Why a seemingly insignificant change causes such a big difference in the generated SQL?
Update:
Just to be clear, my question isn't about the value of email
being a hard-coded value in the first query and a variable in the second (which makes all the sense in the world). My question is about why the variable version results in the extra sub query.
Thanks!
如果你对这篇内容有疑问,欢迎到本站社区发帖提问 参与讨论,获取更多帮助,或者扫码二维码加入 Web 技术交流群。
绑定邮箱获取回复消息
由于您还没有绑定你的真实邮箱,如果其他用户或者作者回复了您的评论,将不能在第一时间通知您!
发布评论
评论(4)
答案相当简单。您的 LINQ 查询是用表达式树表达的。 const 变量与非 const 变量的区别在于 常量表达式 和
参数表达式。
当您使用 const 时,您的 LINQ 查询将使用
ConstExpression
作为此变量,而当您使用非 const 时,它会使用ParameterExpression
,EF 运行时对它们的解释会有所不同。常量实际上意味着该值永远不会改变并且该值可以内联到查询中。
The answer is fairly simple. Your LINQ query is expressed with expression trees. The difference with the const variable vs non const one are lies in ConstantExpression and
ParameterExpression.
When you use const your LINQ query uses
ConstExpression
for this variable, and when you use non const it usesParameterExpression
which are interpreted differently by the EF Runtime.Constant actually means that the value will never change and the value can be inlined into the query.
不是问题的答案 - 只是使用参数的上下文。
这与创建查询有关,以便它将重新使用现有的查询计划。
如果将变量(而不是对参数的引用)注入到生成 SQL 中,则当变量更改时,SQL Server(可能还有其他数据库引擎)将无法重新使用相同的计划。
对于常量,这不是问题,因为您知道值始终相同,但对于每次执行查询时的变量,SQL 和查询计划都会略有不同。
这听起来可能不多,但 SQL 只为查询计划分配了一定量的空间,因此在缓存中拥有数百/数千个微小的变化可以说是真正的“空间浪费”!
NOT an answer to the question - just context on using Parameters.

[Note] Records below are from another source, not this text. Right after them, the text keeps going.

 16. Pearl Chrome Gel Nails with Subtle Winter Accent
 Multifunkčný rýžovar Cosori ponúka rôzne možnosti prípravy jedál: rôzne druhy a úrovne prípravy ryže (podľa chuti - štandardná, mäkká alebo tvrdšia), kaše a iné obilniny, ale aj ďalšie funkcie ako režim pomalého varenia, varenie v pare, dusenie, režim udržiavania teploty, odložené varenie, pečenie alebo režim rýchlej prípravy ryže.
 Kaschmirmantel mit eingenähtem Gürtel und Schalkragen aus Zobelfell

This is to do with creating a query such that it will re-use existing query plans.
If you inject the variable (as opposed to a reference to a parameter) into the generate SQL, then SQL Server (and probably other database engines) will not be able to re-use the same plan when the variable changes.

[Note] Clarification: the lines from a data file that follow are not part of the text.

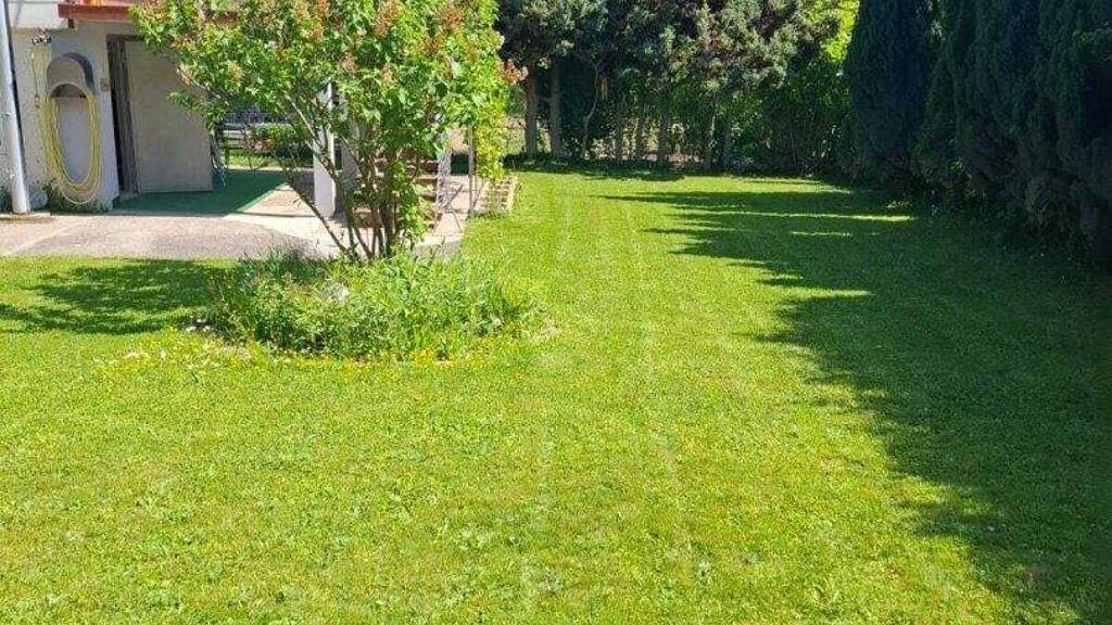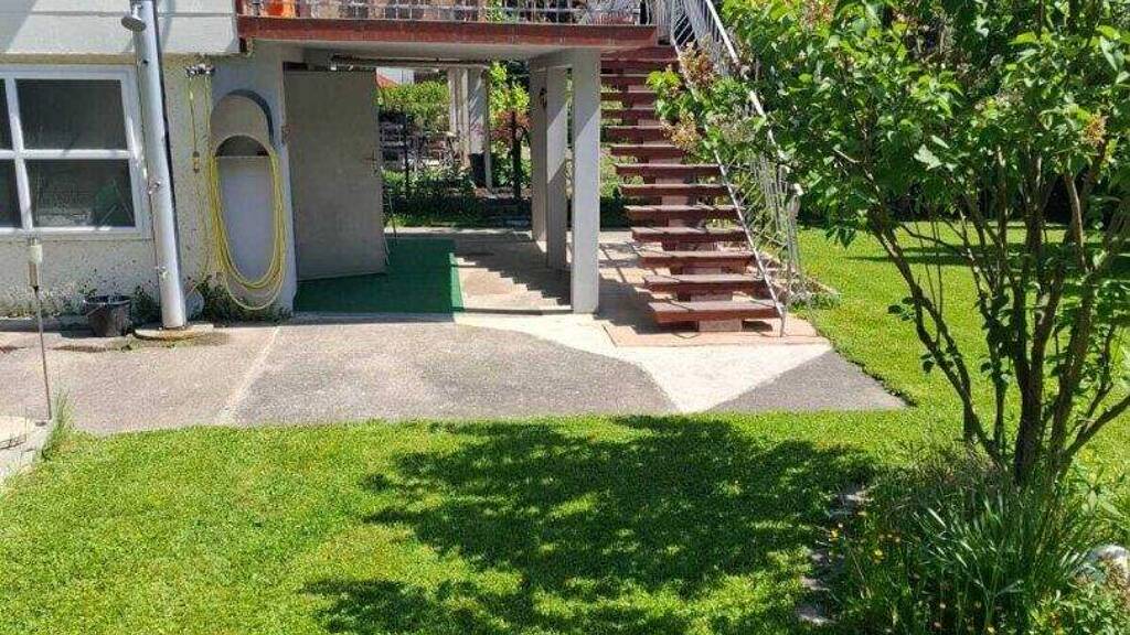 Im unteren Bereich befindet sich ein Raum mit einer Toilette und ein Wachmaschinenanschluss und ein Warmwasserspeicher. Der Garten bietet viel Platz und durch das herrliche Grün ein wahrer Energiespender.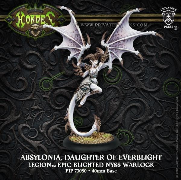 Absylonia était coutumière des transformations, mais grâce aux dons d’Everblight, son corps a désormais atteint une forme stable. Ses ailes géantes lui permettent de survoler le champ de bataille, transmettant sa rage meurtrière aux créatures qui la suivent. Son corps ne mute plus mais son sang est toujours en phase avec les énergies changeantes d’Everblight, et les rejetons qu’elle commande gagnent ses anciennes capacités de mutations.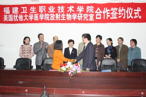 嚴(yán)肅書記、林春明院長(zhǎng)等領(lǐng)導(dǎo)熱情接待了田小燕博士。林春明院長(zhǎng)介紹了學(xué)院的基本情況與發(fā)展設(shè)想,對(duì)田小燕博士長(zhǎng)期以來關(guān)注學(xué)校發(fā)展表示感謝,希望田小燕博士今后繼續(xù)關(guān)心、支持學(xué)院的建設(shè)與發(fā)展,發(fā)揮所在研究室豐富研究資源的優(yōu)勢(shì),對(duì)學(xué)院教師科研能力的提高、科研項(xiàng)目的申報(bào)提供支持,希望雙方能在科研、教學(xué)和人才培養(yǎng)等方面進(jìn)行合作和交流。會(huì)后,我院與猶他大學(xué)醫(yī)學(xué)院放射生物研究室就科研項(xiàng)目和醫(yī)學(xué)教育合作、人員交流互訪簽署了合作協(xié)議。
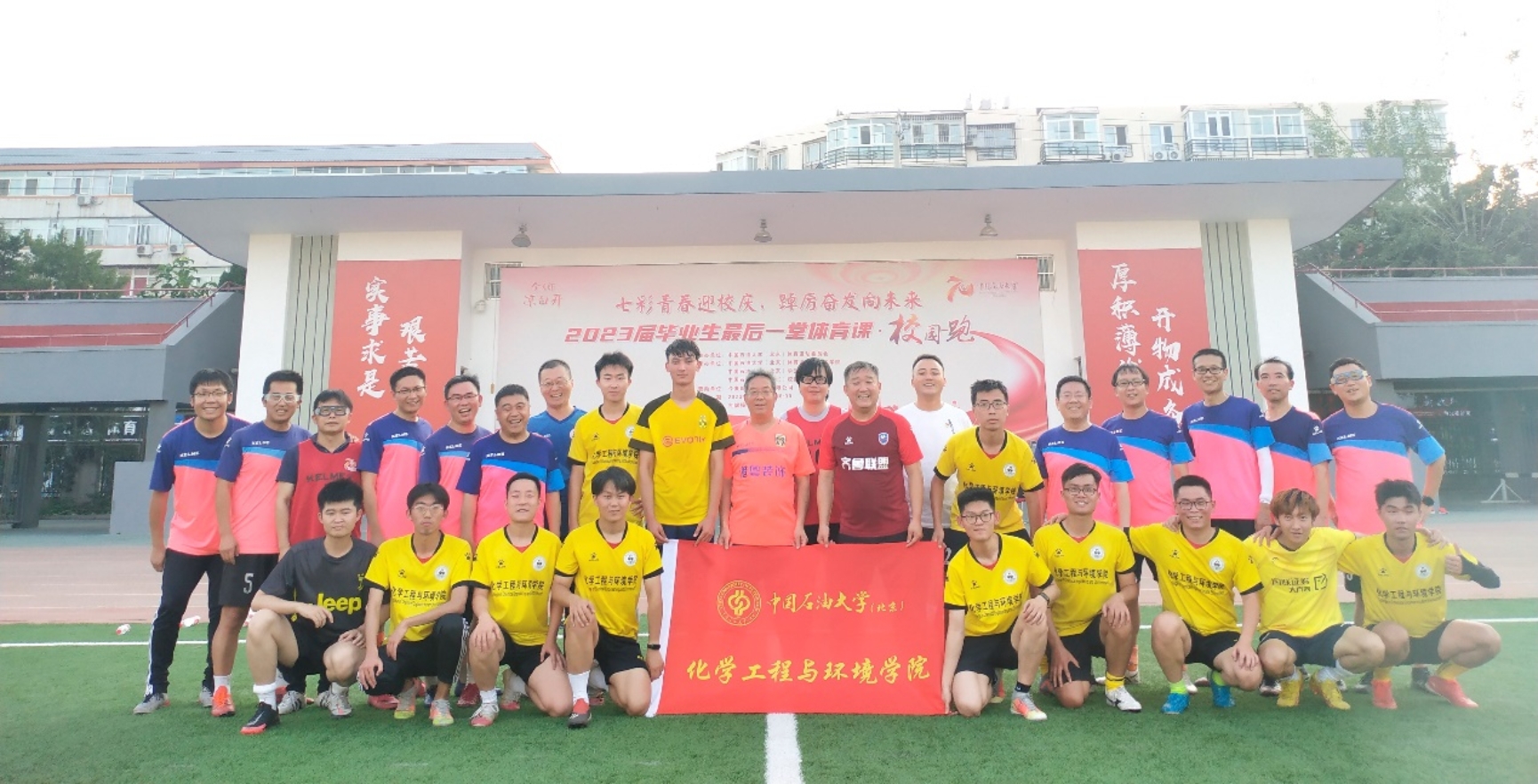 为了继续传承学院的优良传统,2023年6月21日下午化工学院工会如期举办教师欢送毕业生足球友谊赛。教师队由徐春明院士和众多教授组成,学生队由毕业生和各年级足球爱好者组成。

For constants this is not an issue, because you know the value is always the same, but for variables each time the query is executed the SQL and thus query plan would be slightly different.
This might not sound like much, but SQL only has a certain amount of space assigned for query plans, so having hundreds/thousands of minor variations in the cache is a real 'waste of space' so to speak!
这实际上是 SQL 中的一个很大的区别吗?内部查询与原始查询相同,外部查询只是内部查询的包装,不会更改结果集。
除非这会引起问题,否则我个人不会担心。两种查询风格的查询计划是否不同?我的猜测是它们是相同的。
Is this actually a big difference in the SQL? The inner query is the same as the original query, and the outer query is just a wrapper over the inner that doesn't change the result set.
Unless this is causing problems, I personally wouldn't worry about it. Do the query plans differ between the two flavours of query? My guess is that they're identical.
正如人们所说。两个查询之间的差异很小。
原因是,当您使用变量和常量时,创建 LINQ 时创建的表达式是不同的。 EF 将捕捉到这一点并相应地生成 SQL。它知道它永远不会改变,因此可以将其硬编码到查询中以获得(可能的)性能增益。
编辑:
我认为这个问题没有答案,除了“EF 就是这么做的”。但众所周知,EF 喜欢创建许多子选择。对于更复杂的查询,它可能会产生许多子选择。有些人甚至因为这个事实而拒绝使用 EF。但这只是使用 EF 这样的工具的代价。您失去了对某些事物的细粒度控制,这可以带来巨大的性能提升。当您可以使用 C 并获得更高性能时,为什么还要使用 .NET?当可以使用汇编来获得更多性能提升时,为什么还要使用 C?
确保安全并仍然能够使用高抽象层 EF 的唯一方法是经常使用 SQL 分析器并检查是否存在对真实数据花费太长时间的查询。如果您找到一些,则将它们转换为直接 SQL 或存储过程。
Like people said. Difference between both queries is minimal.
The reason is that the expression, that is created when you create your LINQ is different when you use variable and when constant. And EF will catch this and will generate your SQL acordingly. It knows it will never change, so it can be hard-coded into the query for (possible) performance gain.
Edit:
I dont think there is answer to this question except "Thats how EF does it." But it is very well known that EF likes to creates many subselects. It can result for many subselects for more complex queries. Some even dismis even using EF for this fact. But this is simply price for using tool like EF. You loose fine-grained control over something, that can have big performance gain. Why do you use .NET, when you can use C and gain more performance? Why use C when you can use assembly, to gain more performance gain?
Only way to be safe and still be able to use high-abstraction layer EF is to use SQL profiller often and check if there are not queries that take too long on real data. And if your find some then either conver them to direct SQL or stored procedures.